HTML-GenerateUtil documentation Contained in the HTML-GenerateUtil distribution.

Index


Code Index:

NAME

Top

HTML::GenerateUtil - Routines useful when generating HTML output

SYNOPSIS

Top

  use HTML::GenerateUtil qw(escape_html generate_attributes generate_tag escape_uri :consts);

  my $Html = "text < with > things & that need \x{1234} escaping";
  $Html = escape_html($Html);

  ... or ...

  escape_html($Html, EH_INPLACE);

  ... also ...

  my $Attr = generate_attributes({ href => 'http://...', title => 'blah' });
  $Html = "<a $Attr>$Html</a>";

  ... but even better ...

  $Html = generate_tag('a', { href => 'http://...', title => 'blah' }, $Html, 0);

  ... also you might want something like ...

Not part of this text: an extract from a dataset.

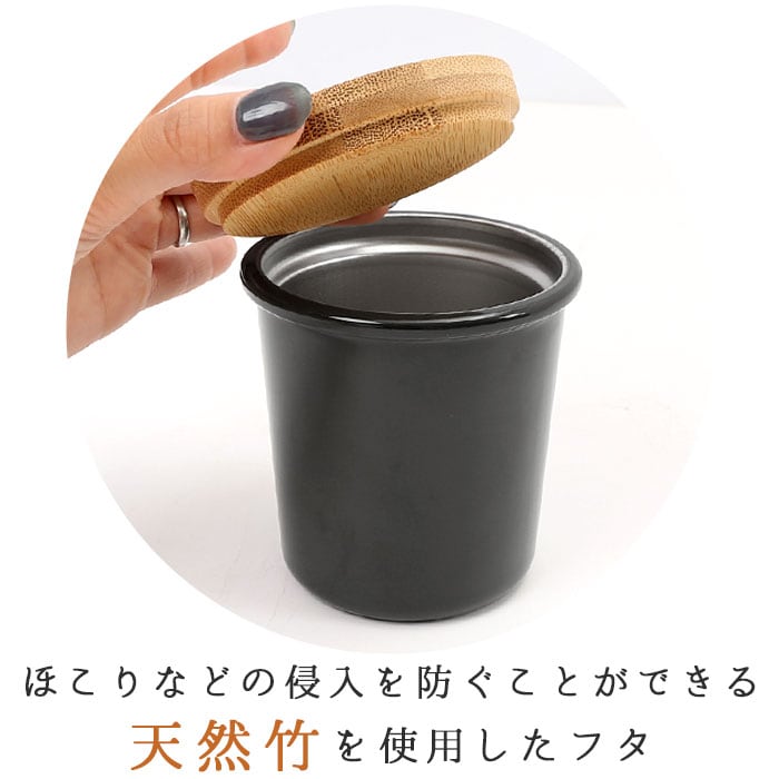 ・光沢塗装をかけてホーロー感を出したステンレス製のボディに、天然竹を使用したフタを合わせ、ナチュラルな印象に♪

  my $URI = 'http://host/?' . join ";", map { $_ => escape_uri($Params{$_}) } keys %Params;
  $Html = generate_tag('a', { href => $URI }, $Html, 0);

DESCRIPTION

Top

Provides a number of functions that make generating HTML output easier and faster. All written in XS for speed.

CONTEXT

Top

When creating a web application in perl, you've got a couple of main choices on how to actually generate the HTML that gets output:

Your actual application, experience and environment will generally determine which is the best way to.

If you go the programatic route, then you generally need some way of generating the actual HTML output in perl. Again, there's generally a couple of ways of doing this.

The first seems easy, but it gets harder when you have to manually escape each string to avoid placing special HTML chars (eg <, etc) in strings like $text above.

With the CGI, most of this is automatically taken care of, and most strings are automatically escaped to replace special HTML chars with their entity equivalents.

While this is nice, CGI is written in pure perl, and can end up being a bit slow, especially if you already have a fast system that generates pages very heavy in tags (eg lots of table elements, links, etc)

That's where this module comes it. It provides functions useful for escaping html and generating HTML tags, but it's all written in XS to be very fast. It's also fully UTF-8 aware.

FUNCTIONS

Top

escape_html($Str [, $Mode ])

Escapes the contents of $Str to change the chars [<>&"] to '&lt;', '&gt;', '&amp;' and '&quot;' repectively.

$Mode is an optional bit field with the additional options or'd together:

  • EH_INPLACE - modify in-place, otherwise return new copy
  • EH_LFTOBR - convert \n to <br>
  • EH_SPTONBSP - convert ' ' to ' &nbsp;'
  • EH_LEAVEKNOWN - if & is followed by text that looks like an entity reference (eg &#1234; or &#x1ab2; or &nbsp;) then it's left unescaped

Useful for turning text into similar to <pre> form without actually being in <pre> tags

generate_attributes($HashRef)

Turns the contents of $HashRef of the form:

  {
    aaa => 'bbb',
    ccc => undef
  }

Into a string of the form:

  q{aaa="bbb" ccc}

Useful for generating HTML tags. The values of each hash entry are escaped with escape_html() before being added to the final string.

If you want to use a raw value unescaped, pass it as a scalar ref with a single item. Eg.

  {
    aaa => \'<blah>',
    bbb => '<blah>'
  }

Is turned into:

  q{aaa="<blah>" bbb="&lt;blah&gt;"}

If the value is an array ref, then the individual items are joined together with a space separator. Eg.

  {
    class => [ 'class1', 'class2', \'<blah>' ],
    aaa => 'bbb'
  }

Is turned into:

  q{aaa="bbb" class="class1 class2 <blah>"}

If the value is a hash ref, then the individual keys are joined together with a space separator. Eg.

  {
    class => { class1 => 1, class2 => 2 ],
    aaa => 'bbb'
  }

Is turned into:

  q{aaa="bbb" class="class2 class1"}

Keys are always escaped since you can't have a scalar reference as a key.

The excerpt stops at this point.